EXERCISE INPUTS ▸
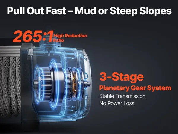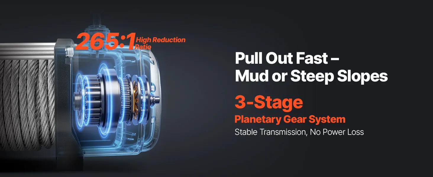 • High-Power Rescue: This 5.5HP motor of the jeep winch with a 265:1 3-stage planetary gear delivers steady pulling force. It runs long hours without overheating, giving you dependable strength for off-road recovery
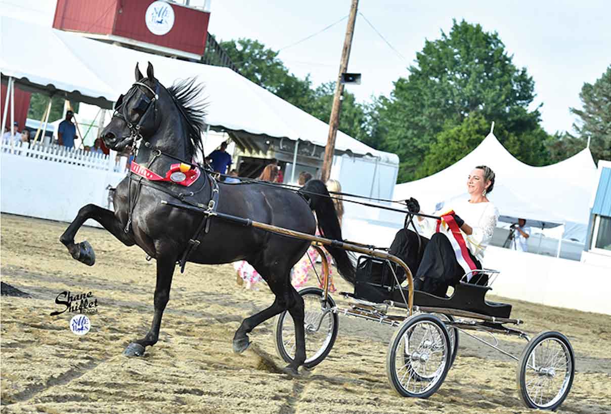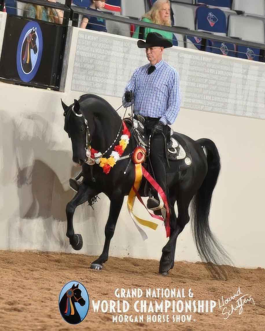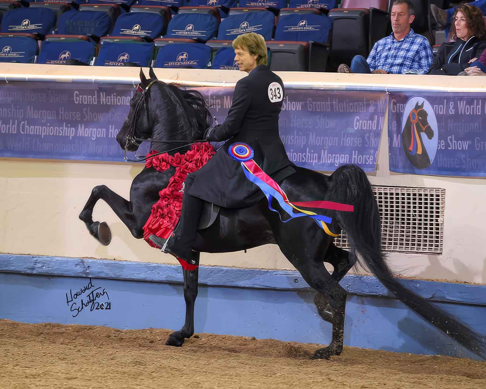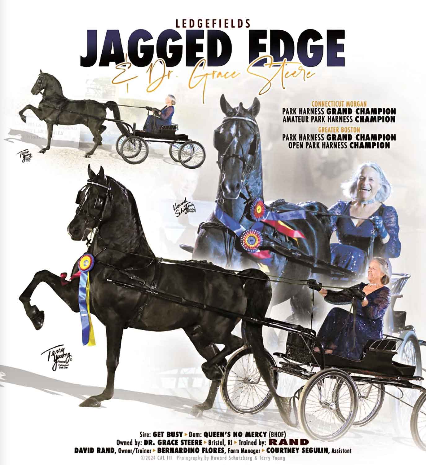 This talented and beautiful Morgan has conquered every division with ease, from in hand and park harness to park saddle, with World Champion titles in all three divisions, including open and amateur harness. His most recent world title was the highlight of his career for his owner, Dr. Grace Steere, who was on the lines for this electrifying performance as the 2025 Park Harness World Champion. This historic achievement made him one of only two living horses to win both the Park Saddle and Park Harness World Championships.
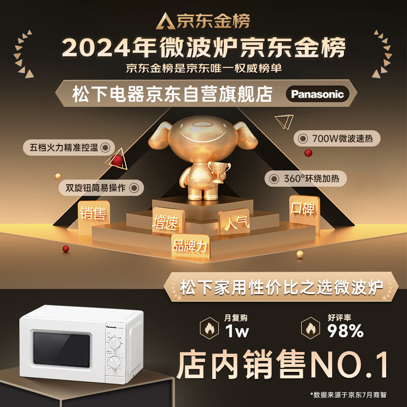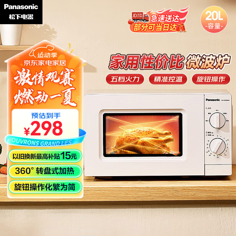 松下(Panasonic)NN-SM30NW 20升家用微波炉 360°转盘式加热 五档火力精准控温 旋钮操作化繁为简价格:298.00元!
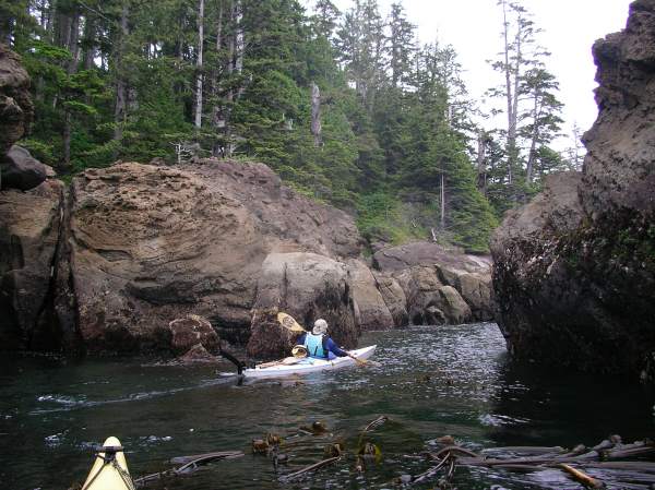 Don Barch paddling into a slot on Flores Island
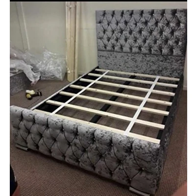 Luxury top quality Crystals Diamante atn bed in crushed velvet fabric . The bed base is designed on a solid build structure. The fabric is elegant and durable making it suits any bedroom. Easy assemble -Upholstered In 100% FR Crushed Velvet Fabric -Under Mattress Storage Bed Frame -Headboard Height: 47" - Footboard Height: 22" -Cubed High Foot End Bed Frame. Hand made in Great Britain -Striking Crystal Stud along with its modern chrome feet - If you need mattress please message us for quote.

TASK DIRECTIONS ▸ Reproduce the span beginning at the line with "Don Barch paddling" and ending at the last line of the entries above, inclusive, exactly as it stands. Exclude the pictures.

FINAL ANSWER ▸
 Don Barch paddling into a slot on Flores Island
 Luxury top quality Crystals Diamante atn bed in crushed velvet fabric . The bed base is designed on a solid build structure. The fabric is elegant and durable making it suits any bedroom. Easy assemble -Upholstered In 100% FR Crushed Velvet Fabric -Under Mattress Storage Bed Frame -Headboard Height: 47" - Footboard Height: 22" -Cubed High Foot End Bed Frame. Hand made in Great Britain -Striking Crystal Stud along with its modern chrome feet - If you need mattress please message us for quote.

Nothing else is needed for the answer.